→ **EXERCISE DETAILS**: The pictures in the listing below are to be skipped, while the lines between the line holding "They said in" and the line holding "5接着在锅里放入腊肉,干炒出油来,一会用腊肉的油来炒辣椒特别香。", inclusive, are to be output exactly.

→ **DATA TO PROCESS**:
■ ■ ■ ■ ■

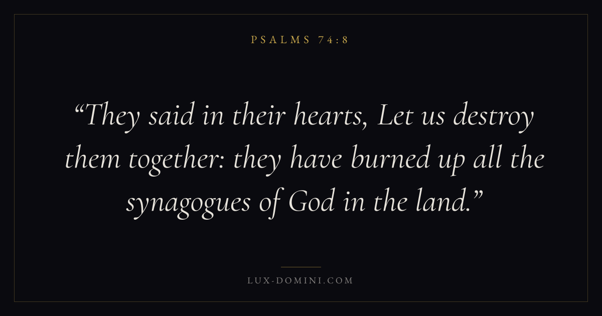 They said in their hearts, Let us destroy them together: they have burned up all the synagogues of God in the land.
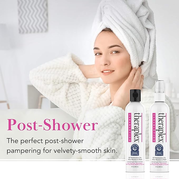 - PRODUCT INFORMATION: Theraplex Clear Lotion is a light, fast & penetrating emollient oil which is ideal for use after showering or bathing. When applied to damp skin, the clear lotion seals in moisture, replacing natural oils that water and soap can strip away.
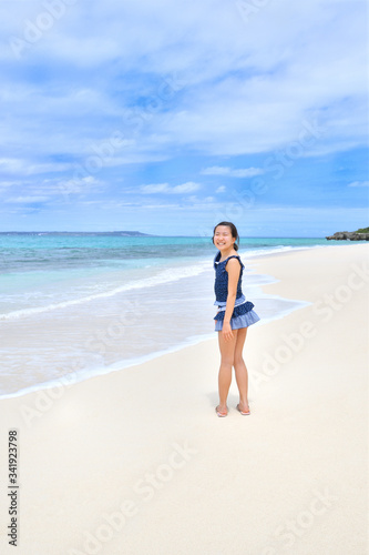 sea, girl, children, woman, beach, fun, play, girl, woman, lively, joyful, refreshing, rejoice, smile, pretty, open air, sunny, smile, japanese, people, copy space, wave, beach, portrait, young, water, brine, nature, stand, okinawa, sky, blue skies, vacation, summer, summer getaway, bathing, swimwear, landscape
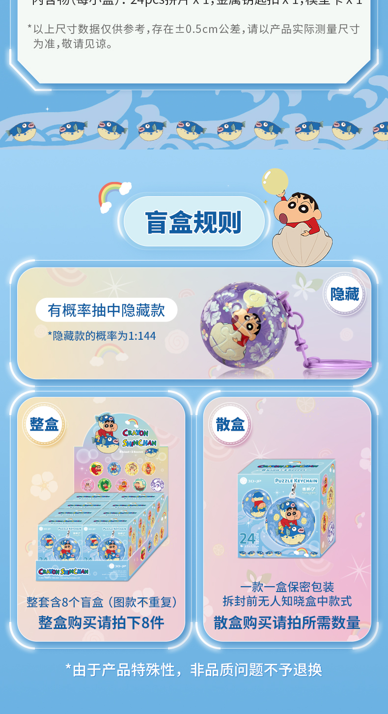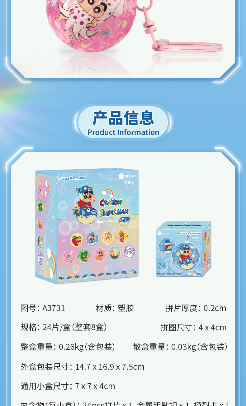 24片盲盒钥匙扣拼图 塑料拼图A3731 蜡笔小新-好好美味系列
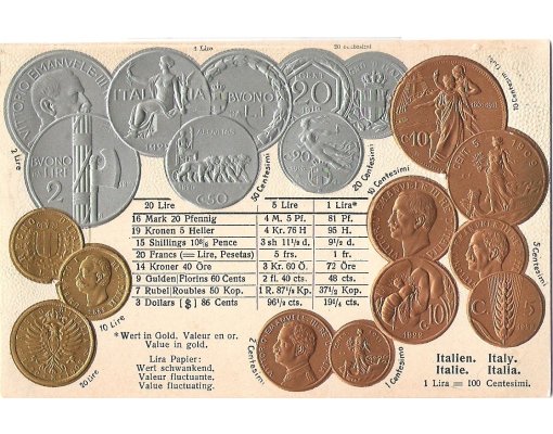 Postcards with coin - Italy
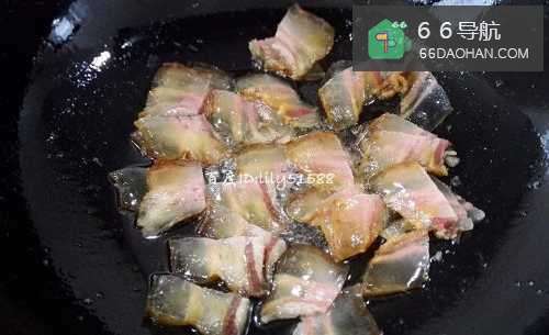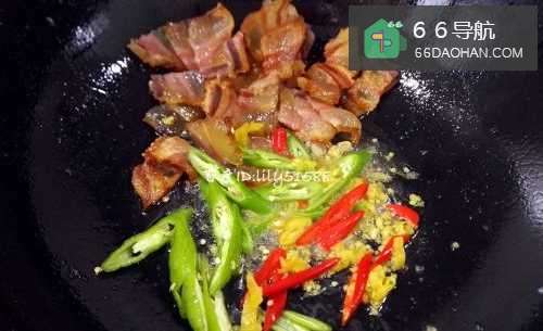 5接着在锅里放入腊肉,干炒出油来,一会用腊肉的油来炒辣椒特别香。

■ ■ ■ ■ ■

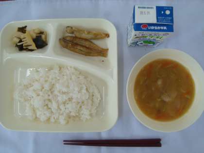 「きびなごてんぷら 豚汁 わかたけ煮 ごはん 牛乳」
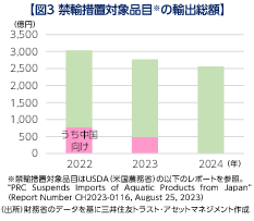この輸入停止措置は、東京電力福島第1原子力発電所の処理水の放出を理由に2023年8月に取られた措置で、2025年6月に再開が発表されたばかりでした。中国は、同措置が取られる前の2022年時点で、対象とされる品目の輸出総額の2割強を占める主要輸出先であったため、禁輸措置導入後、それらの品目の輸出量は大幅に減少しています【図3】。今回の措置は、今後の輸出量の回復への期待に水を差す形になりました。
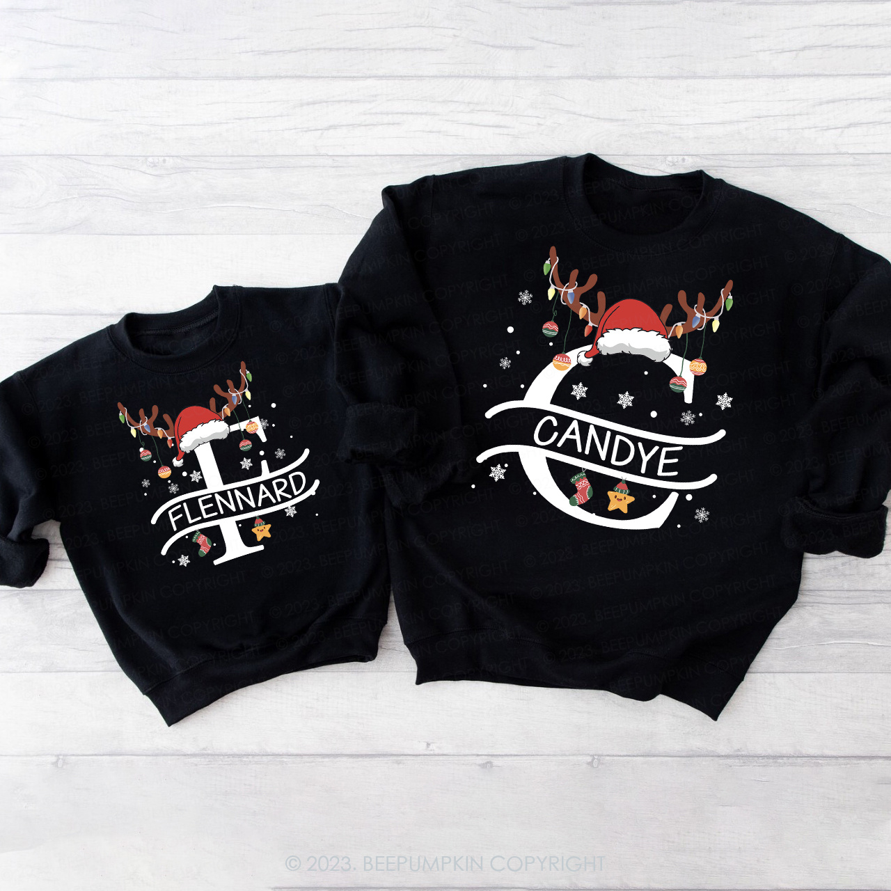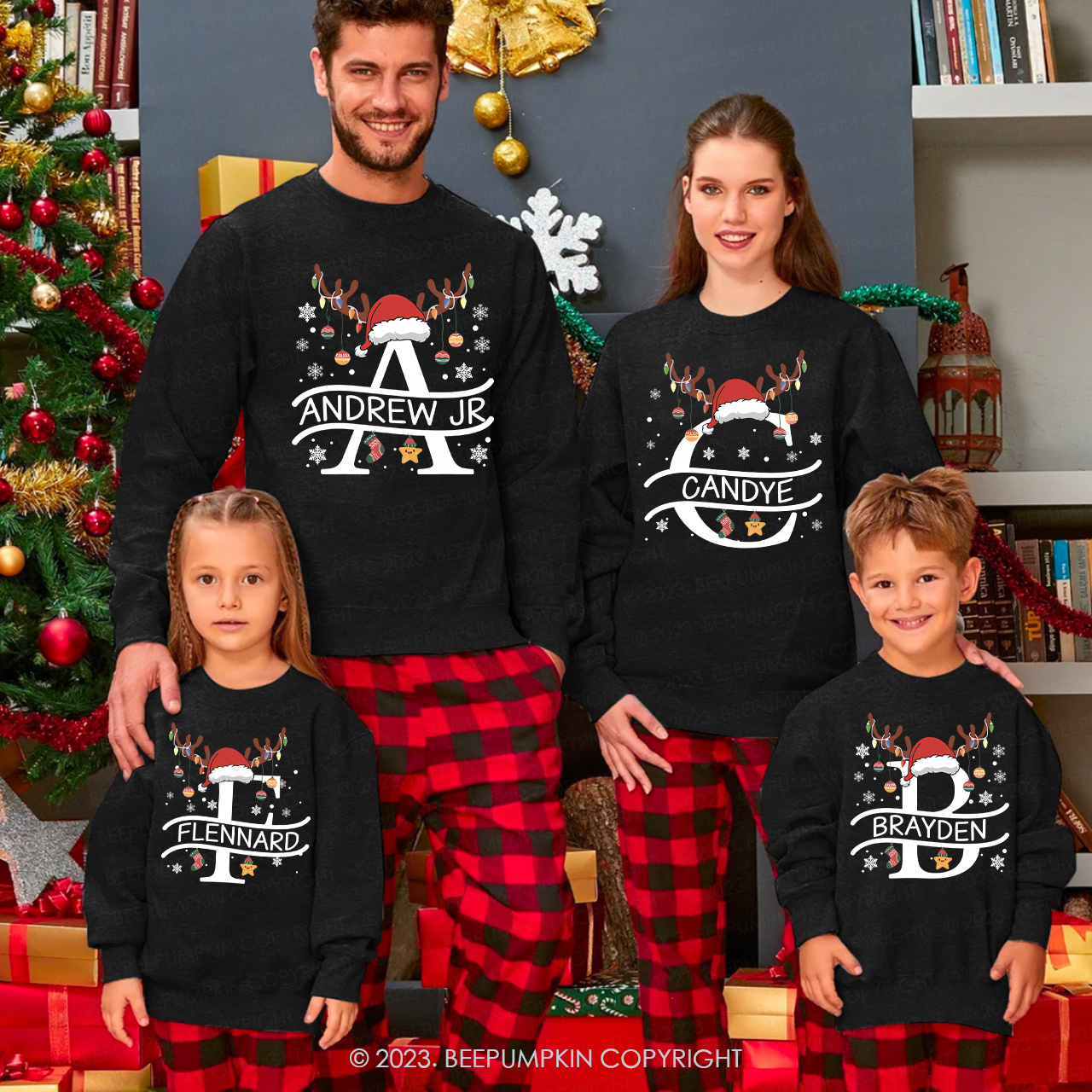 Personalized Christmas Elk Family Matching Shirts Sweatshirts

■ ■ ■ ■ ■

→ **RESPONSE TO THIS EXERCISE**:
 They said in their hearts, Let us destroy them together: they have burned up all the synagogues of God in the land.
 - PRODUCT INFORMATION: Theraplex Clear Lotion is a light, fast & penetrating emollient oil which is ideal for use after showering or bathing. When applied to damp skin, the clear lotion seals in moisture, replacing natural oils that water and soap can strip away.
 sea, girl, children, woman, beach, fun, play, girl, woman, lively, joyful, refreshing, rejoice, smile, pretty, open air, sunny, smile, japanese, people, copy space, wave, beach, portrait, young, water, brine, nature, stand, okinawa, sky, blue skies, vacation, summer, summer getaway, bathing, swimwear, landscape
 24片盲盒钥匙扣拼图 塑料拼图A3731 蜡笔小新-好好美味系列
 Postcards with coin - Italy
 5接着在锅里放入腊肉,干炒出油来,一会用腊肉的油来炒辣椒特别香。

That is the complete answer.